Supplementary Materials
Additional file 1: Table S1. Age related treatment response of the three groups:Participants in the three treatment arms were grouped into > 40 years old or ≤ 40 years old subgroup. Those main outcomes were compared between participants of each subgroup within and between/among these three treatment groups, including ΔUACR, ΔSU, ΔpH, pH ≥ 6.2 at week12 and SU < 360 μmol/L at week 12 in vs in three treatment groups, and no significant difference was observed between subgroups. Table S2. Gout flares in the intent-to-treat set. Fig. S1. DECT urate volumes.
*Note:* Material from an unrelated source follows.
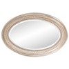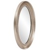 The Ethan Mirror features a stunning champagne silver finish. The oval frame is accented with grooves and a ribbed center for added depth and character. Its Transitional style makes this mirror a favorite for bringing some flair to your decor. This simple yet stunning piece would be a great addition to any room. It is a perfect focal point for an entryway, bathroom, bedroom or any room in your home. D-rings are affixed to the back of the mirror so it is ready to hang right out of the box in either a horizontal or vertical orientation! Dimensions 31H x 21W x 2D

Significant differences (p < 0.05) were observed in Sodium bicarbonate, Citrate mixture and TaCCi mixture group between baseline and week 12, while no significant difference was observed between groups. TaCCi Mixture: Tart Cherry supplementary Citrate Mixture. Fig. S2. Serum electrolytes levels during follow up. No significant difference was observed between baseline and week 12 in Sodium bicarbonate, Citrate mixture and TaCCi mixture group. A: Serum potassium,B: serum sodium and C: serum chlorine levels.
Data Availability Statement
The datasets used and/or analyzed during the current study are available from the corresponding author on reasonable request.